Michael W. Hardgrove and Marisa P. Kaley write for Bloomberg BNA Life Sciences Law & Industry Report.
Success in the life sciences industry can depend on a company's ability to share knowledge and collaborate with strategic partners while simultaneously protecting from its competitors the valuable information on which its business is based. This valuable information consists of intangible property in its many forms, all of which have substantial value independent of the services of any individual.1 According to the US Department of the Treasury (the "Treasury"), intangible property includes patents, inventions, formulae, processes, designs, patterns, know-how, copyrights, trademarks, franchises, licenses, methods, systems, procedures, studies, forecasts, estimates, customer lists, and technical data, among others.

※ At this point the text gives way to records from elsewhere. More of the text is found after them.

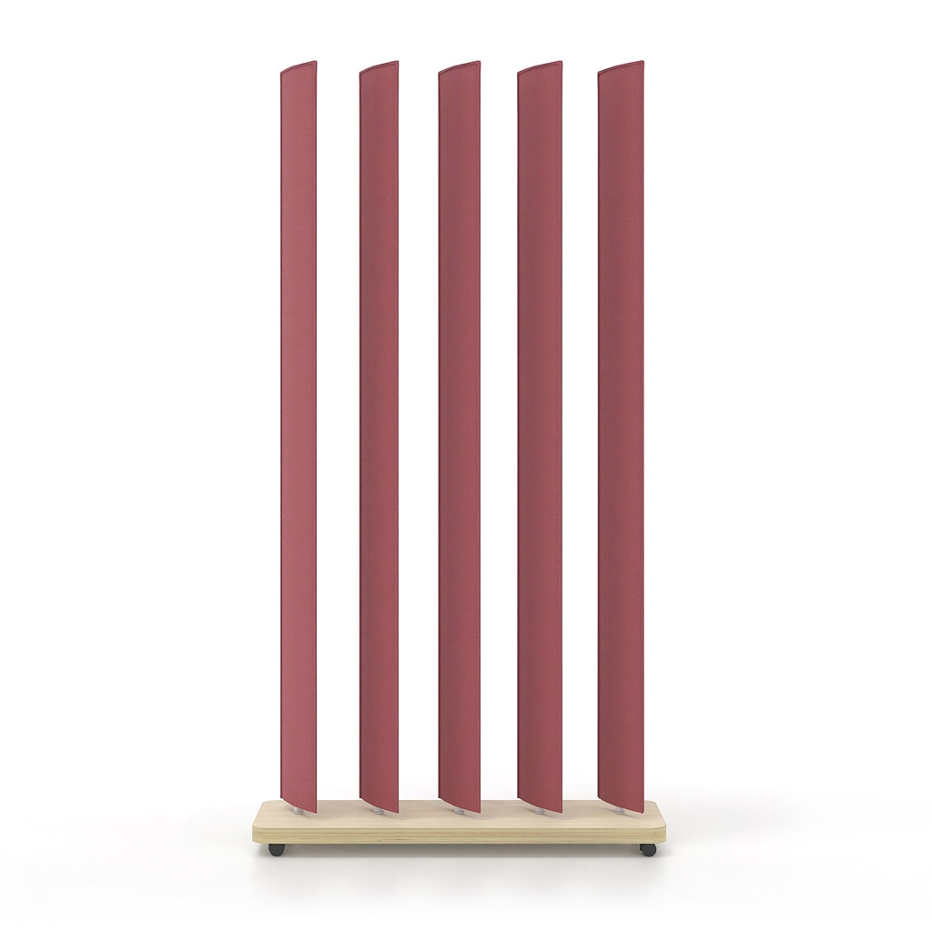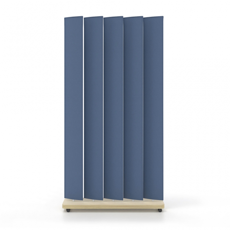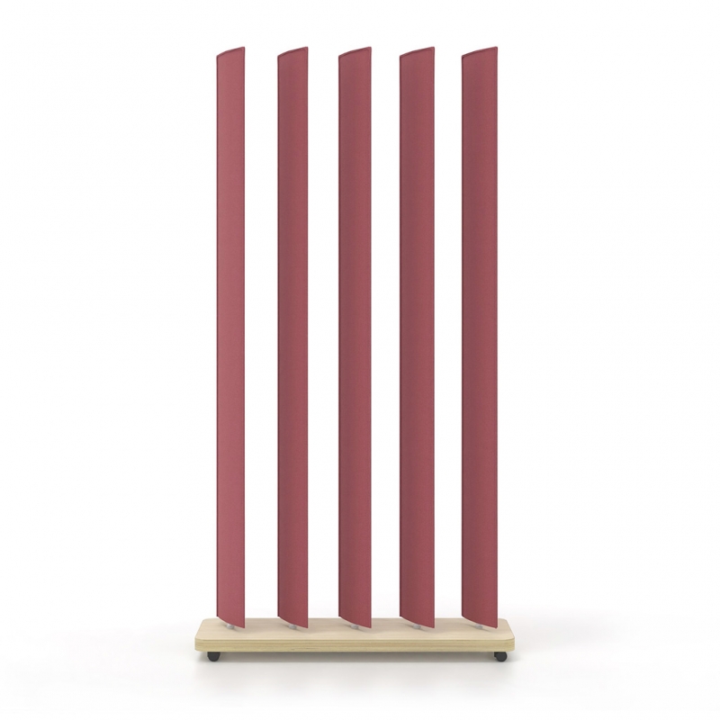 It consists of two parts, the base made of 35 mm thick laminated material, varnished with transparent varnish and integrated wheels. At the top are placed five specially shaped, coated rotating elements, made of sound-absorbing materials.
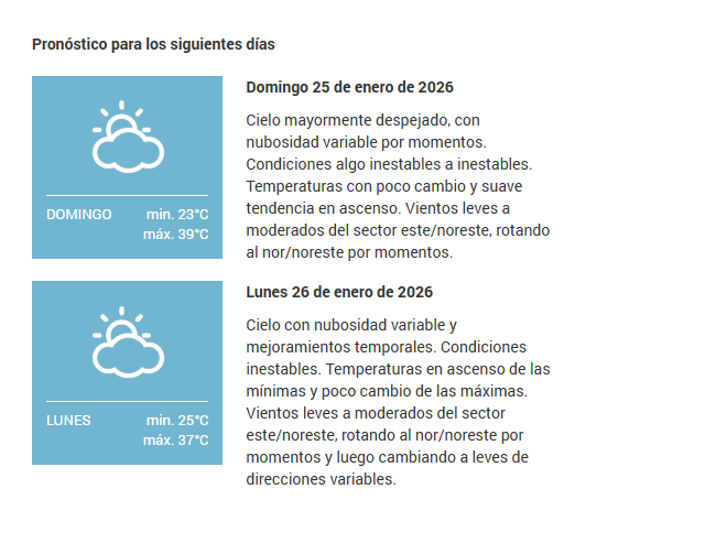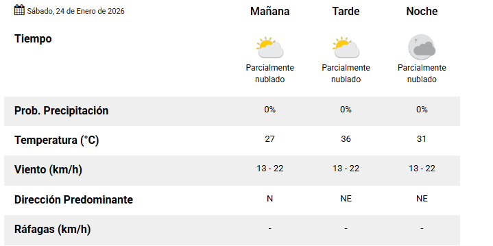 El SMN pronostica para hoy sábado 24 de enero 2026 en la ciudad de Santa Fe de la Vera Cruz capital de la provincia de Santa Fe República Argentina.
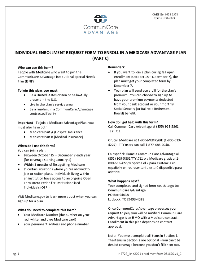 OMB No. 09381378 Expires: 7/31/2023INDIVIDUAL ENROLLMENT REQUEST FORM TO ENROLL IN A MEDICARE ADVANTAGE PLAN (PART C) Who can use this form? People with Medicare who want to join the Communicate Advantage
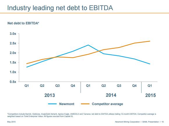 While Newmont Mining's mines aren't quite as high grade as Barrick Gold's, its mines are still well above the peer average and second best overall. Further, the company is also a fairly low cost producer as it expects its AISC to average between $960-$1,020 per ounce in 2015, with its AISC potentially falling to an average of $925 to $1,025 by 2017. Further, the company recently acquired another low-cost miner that expects its AISC to average between $825 to $875 per ounce over the next two years. Because that's lower than Newmont Mining's average cost, the acquisition has the potential to push Newmont's AISC even lower. In addition to that, the company sees the potential to get those costs at least 10% lower through optimization.
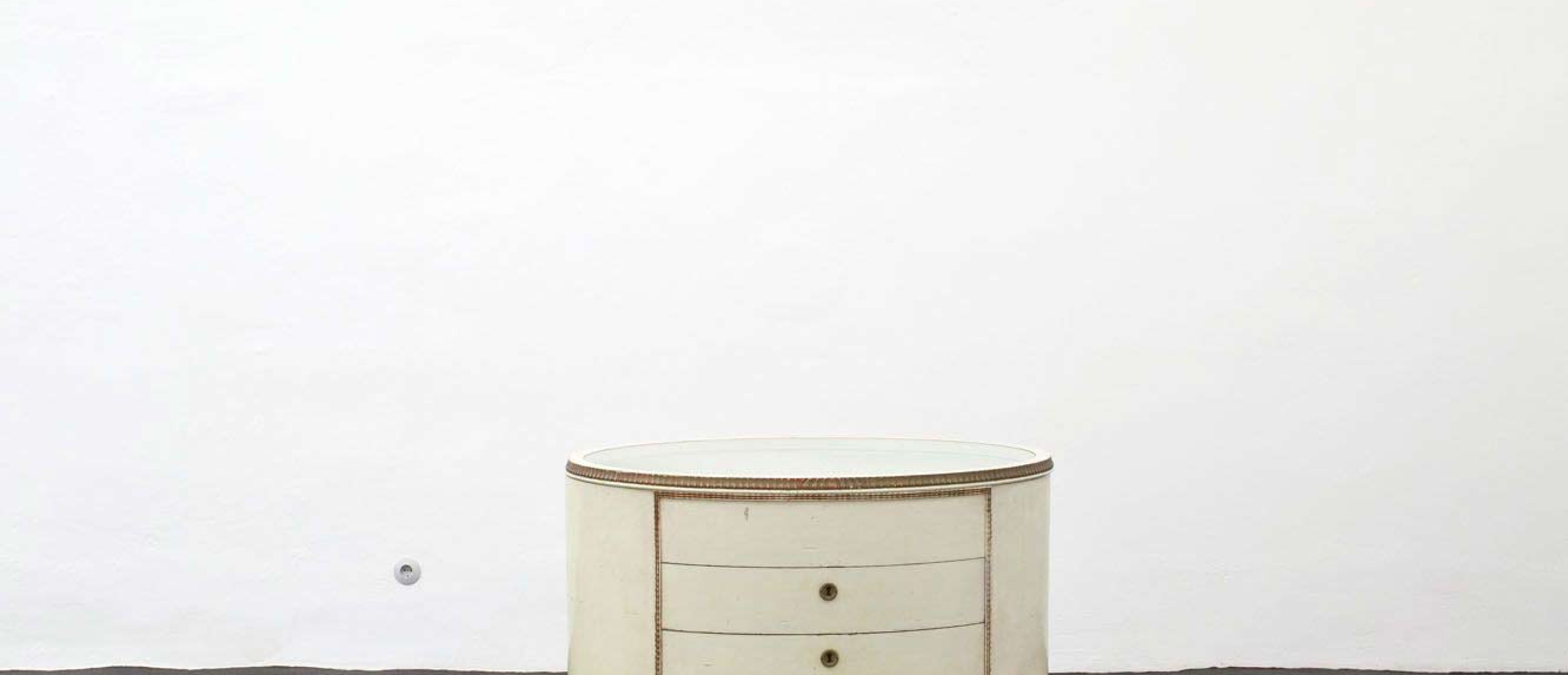 Various species of wood, lacquered white, partially gilded, feet of carved wood; glass
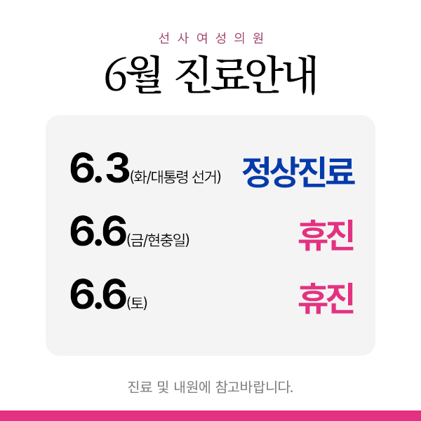6¿ù Áø·áÀÏÁ¤ ¾È³» ÀÔ´Ï´Ù.
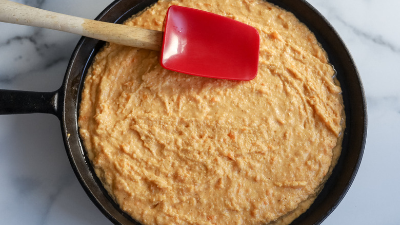 Although honey (and sweet potato) gets a shout-out in the recipe's name, Morone feels that maple syrup is the real special ingredient. In her opinion, "Maple goes so well with sweet potatoes and helps to bring out the sweet potato flavor." As sweet potatoes are naturally sweet (hence the name) and you're adding both honey and maple syrup to the batter, you might think that this cornbread would be super-sugary, but Morone notes, "The cayenne pepper also gives it a touch of heat." She does say, though, that if you don't care for this spice, you can leave it out

As a business seeks to expand its research and development, manufacturing, or sales operations beyond the shores of the United States, it may choose to take advantage of the operational and tax efficiencies that can be achieved through licensing its intangible property to its overseas affiliates in exchange for a royalty. Because the United States has a worldwide system of taxation as opposed to a territorial one, without proper planning a U.S. business that transfers technology overseas will find itself paying U.S. tax on the revenue its expansion activities have generated abroad. Fortunately, granting a license to use intangible property in exchange for a royalty can help a business minimize its effective tax rate in the United States while promoting international growth of the business.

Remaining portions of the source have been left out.